Monday, May 01, 2006

Free Will

While I am getting to grips with the control interface I want to put forward one of the main difficulties that I see with the traditional Christian worldview. It is the Problem of Evil. I will state this briefly now.

If God is omniscient, omnipotent and omnibenificent, how can there be suffering in the world?
This topic has been dealt with at length by philosophers and theologians and is still debated on blogs and message boards to this day. What really makes me curious is this:
What is it that makes people find the argument that suffering is a result of us having free will convincing?
I know that all the predicates such as omnipotence have limitations such as avoidance of logical contradictions. It does not follow from this, however, that the world we see is the best of all possible worlds given those necessary parameters.
It just does not seem credible, whether you take this metaphorically or not, that God should create a universe bounded by the categories of time and matter in order for it to be a habitat for humans. Further why, foreseeing every move that the feckless, weak willed and covetous creatures would make, He nonetheless created them only to be outraged by their sin?

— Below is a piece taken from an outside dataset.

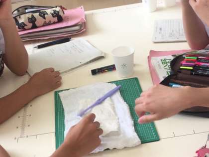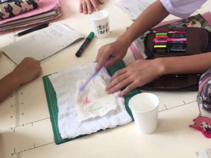 ポスターカラーで実際にインクを落とすしみぬきの実験をしました。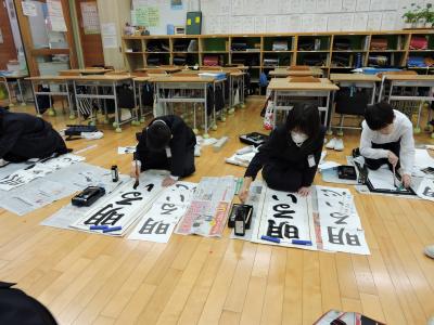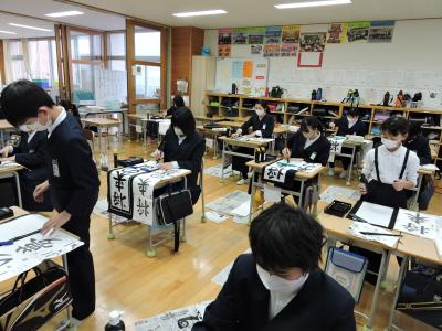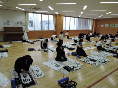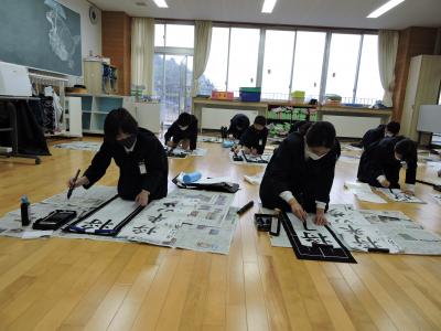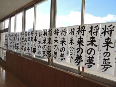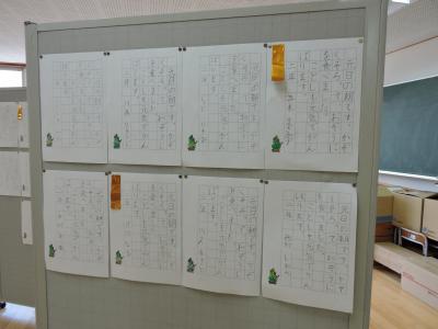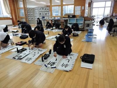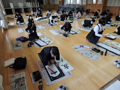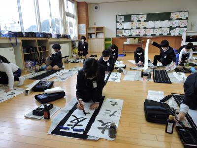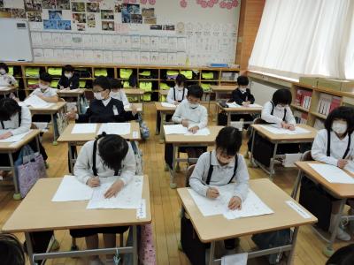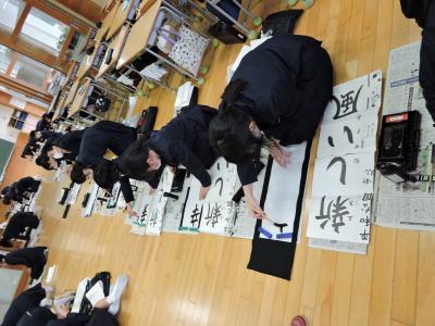 始業式に続いて校内書き初め大会が行われました。1・2年生は硬筆、3~6年生は毛筆です。練習の成果が発揮された力作ぞろいでした。

The notion that He would then sacrifice part of Himself to Himself in order to atone for sins which are breaches of moral absolutes that He encoded into the universe in the first place is counter-intuitive. All this so that despite a lack of good evidence for His existence, we, as rational beings could have the free will to chose to have a relationship with Him via his sacrificed son? Why is the concept of atonement morally acceptable anyway? How does somebody else's sacrifice influence the moral status of what I have done? Nor does the suffering seem related in a simple way to free will and sin. Malaria, earthquakes and the like are morally indiscriminate, they kill innocents and guilty alike. The remark that we are all sinners after the 'fall' seems an outdated and morally abhorrent concept. Why did God not create us to enjoy eternal bliss, without the wish or predisposition to do evil? Would any loss of free will that this would entail be a bad thing? I think not.
So as a whole picture, the Christian solution to the Problem of Evil seems incoherent.

Secular Thoughts

Secular Thoughts

Control of the interface for my own blogs is the first priority so I hope you will bear with me while I figure this out as I am a complete noob.